Independent voters – who are they?

Nowadays it seems that a wide sociopolitical spectrum describes the set of U.S. independent voters.  The techniques for defining them and counting them seem nebulous at best.  Of course, it’s hard to do the second if you haven’t done the first.  There are true independents, people who will not make a decision until the day of the election, for parties or people, although they will taunt you by saying that they tend to lean one way or the other.  There are the shifters, people who say they are Dems and vote GOP or vice versa.  Others will vote in one election and not another or not in primaries (in some states you can’t vote in primaries if you haven’t declared a nominal party allegiance).  Finally, some are third party voters who don’t vote unless they have a candidate (Socialists, Libertarians, etc)—they’re for an “independent party.”

There are two urban legends about independent voters that are amusing.  One is that they determine the outcome of elections.  The other is that they can be wooed.  We can dispense with the first legend only if we count non-voters as voters.  An election is decided by the people who don’t show up to vote as often as those who do.  Voter turnout in the U.S. has varied from 80+% in the late 1800’s to just less than 50% not many years ago.  No matter the percentage of registered voters who actually vote, these non-voters would decide an election only if they went unanimously for one candidate in a close election, a highly unlikely event.  The only case where election outcomes are changed by real voters result when a third party candidate has enough following in a state to win some electoral votes there (like Perot and Nader, for example), affecting a close election.

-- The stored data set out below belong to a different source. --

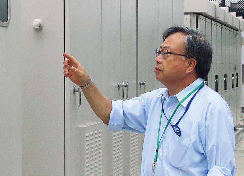 設備を点検する福田さん。省エネ対策による効果を定期的に測定し、データとして「見える化」する検証業務を得意としている。しかし「言うは易く、行うは難し」で、膨大なデータをエクセルに落とし込むだけでも大変な作業だ。
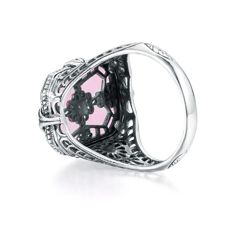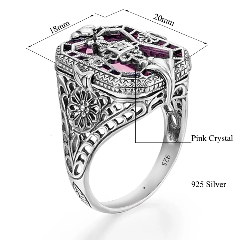 Металл: 100% 925 пробы сереброКамень: синтетический розовый кристаллРазмер камня: 18*20 ммЦвет камня: розовыйЦвет металла: античное сереброСтиль: винтажныйШтамп: 925
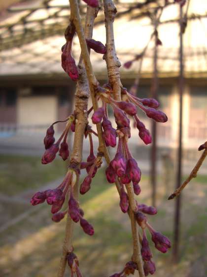 体育館横と運動場西側の枝垂れ桜の様子です。つぼみも膨らんできましたが,開花まではちょと時間がかかりそうです。

That other bit of electoral folklore can be dispensed with by observing that a person is wooable (to coin a word that sounds like we’re discussing Daffy Duck) only if he’s undecided and truly sitting on the proverbial fence rail.  Most people have electoral preferences even if they declare themselves as independents.  During an election the ubiquitous refrain “I voted for the lesser of two evils” is often heard as our two-party system forces civic-minded people to not waste their vote and finally decide for someone.  That decision a fortiori means they have a preference.  Their independence is only a farce.  Even the person that is so disgusted with the whole political process that he or she refuses to participate (and there are many so-called independents who fit this description) is being preferential.

All of the above are not wooable.  Their minds are already made up and nothing any candidate says will make a difference.  The generalization and broadening of who can vote with absentee and mail-in ballots destroys this urban legend even more.  Independent voters, in general, have made up their minds—they just want to keep their decisions private.  How these people react to last-minute and exit polls is another question.  I imagine there are sociology and political science theses to be written here.

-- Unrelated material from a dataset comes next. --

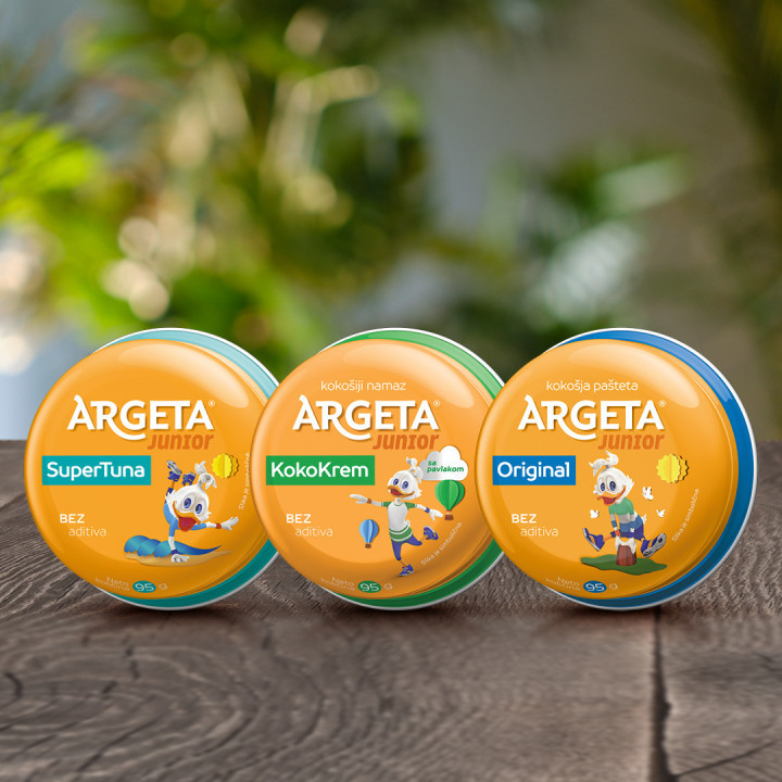 Argeta Junior je omiljen brend dece širom Evrope zbog toga što spaja korisno sa prijatnim, učenje sa zabavom. Svaki Argeta Junior namaz se pravi od visoko kvalitetnih komada pilećih grudi ili najfinijih fileta žutorepe tune. Uz dodate prirodne začine, biljna ulja, i pavlaku u nekim ukusima, Argeta Junior namazi su super ukusni, blagi i lako mazivi, objašnjavaju iz kompanije.

The categories of Democrats, Republicans, and independents are just too general and have become an albatross around the neck of our democracy.  Even the traditional parties have too broad a range of interests and priorities and we have just seen that there are many ways for a voter to be “independent.”  The winner-take-all Electoral College system shares a lot of the blame, of course.  It exacerbates the problem associated with a slim majority declaring a mandate and assuming they have free rein to tyrannize the minority.  In fact, it allows a block of sparsely populated states to wield disproportionate power.  A much better system would be to decide national elections by strict popular vote.

The Electoral College system also promotes a two-party system.  In a multi-party system, it often happens that no party gets a clear majority.  In fact, for an N-party system, the statistical tendency would be to have each party get about 100/N per cent of the votes (which is why the losing party in any of our elections rarely falls below 45%).  In Europe this makes for lively discussions in parliaments, something we also have in the U.S. while at the same time we try to force the round peg into a square hole by calling one side of an issue Democratic or Republican.  Europeans recognize the breadth of human opinion and revel in it.  We try like hell to avoid it.  I have no problem deciding which system is more democratic.  Democracy is organized chaos which, is why, I suppose conservatives often prefer fascism.

Given that the independent voter doesn’t really exist, it is not surprising that in Europe there are none.  People often switch allegiances in a given election, of course, which is a kind of independence (see the “shifters” above), but the general rule is that winning majorities are formed by coalitions between parties.  Moreover, our country’s peculiar chaotic and dirty history that led to the Democratic and Republican parties is more ideologically pure in Europe where one party or group of parties is conservative and another is liberal—in fact, more often than not, the two major parties are the Conservatives and Liberals.  Semantics is irrelevant here, but purity of purpose is not.  An European party often has a well-defined platform.  The only party in the U.S. with corresponding purity and clarity is the Libertarian Party.

Perhaps it’s not so amazing that the Libertarians made such great strides during the last midterm elections for this reason.  Under the Tea Party disguise, many congressional freshmen (and freshwomen) wound up in Washington with a well-defined platform for change.  As a progressive, I can’t agree with their ideology, but I can admire their clarity of purpose.  We need more of this if our democracy is going to survive.  Only by providing each voting American with a clear party choice and then brokering compromise to achieve a majority and to wield power will we reach the maturity of the European democracies.  The Libertarians have been successful in representing a very vocal segment of our population.  I challenge the more progressive elements of our society to do the same.  Then let true democracy begin.